Ahead of its year-end results, Hastings Group released a trading update this morning – one that outlined a host of challenges for the technology driven insurance company.
The company saw claims costs hit by increases in both third-party credit hire and repair costs, as well as some larger bodily injury losses and slightly higher winter frequencies. This has led to its calendar year loss ratio, before the impact of the July Ogden rate, being expected to stand in the range of 81%-82%. Its adjusted operating profit, meanwhile, is in the region of £110 million.
With its focus firmly on pricing discipline, the company explained that it has been implementing price increases ahead of the market – meaning its live customer policies had been broadly flat in the second half of the year.
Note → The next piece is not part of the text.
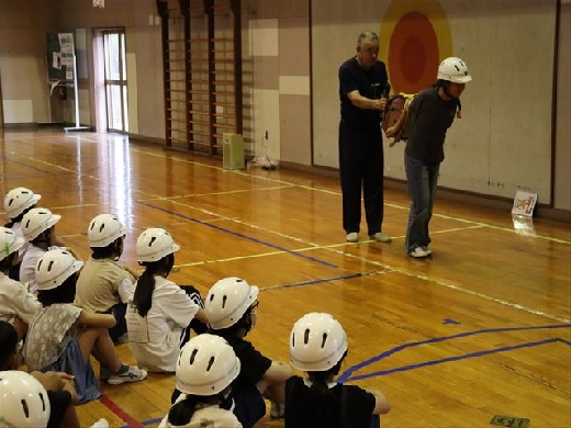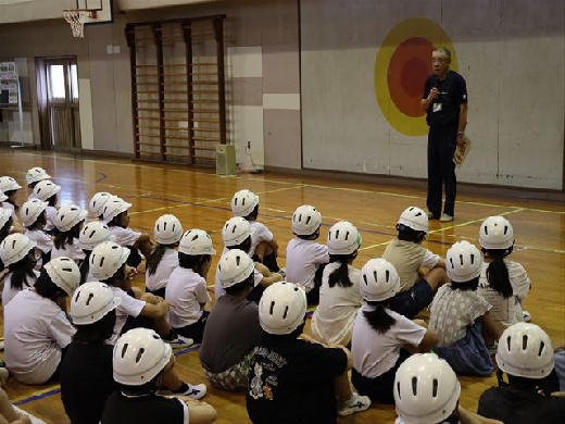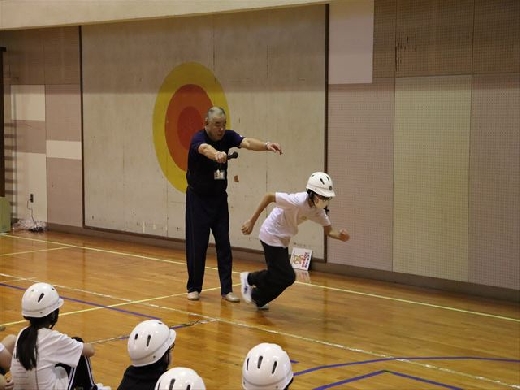 境警察署生活安全課のスクールサポーターの方に来ていただき、不審者が侵入した際に意識することや登下校中に不審者に遭遇した際の対応の仕方などを実演を交えながら教えていただきました。

Still, year-over-year, they remain up by 5%, partly due to strong retention rates.
Toby Van der Meer, chief executive officer of Hastings Group Holdings, commented that the market has been “challenging,” but he believes the strategy of maintaining pricing discipline is the best way forward, while focusing on the positives.
“During the year we have continued to make progress on our technology, operational and strategic initiatives,” he said. “We have started to see the initial benefits of this come through, including our ability to maintain strong retention rates over the year, which I will talk about more at the full year results.
“Taking in to account the operating performance in 2019, the board expects the 2019 total dividend to be lower than 2018. However, the board remains confident in the group’s ability to capitalise on its long-term profitable growth opportunities, and therefore expects to pay a total dividend above the group’s stated 65-75% target payout range. 2020 trading has started in line with expectations.”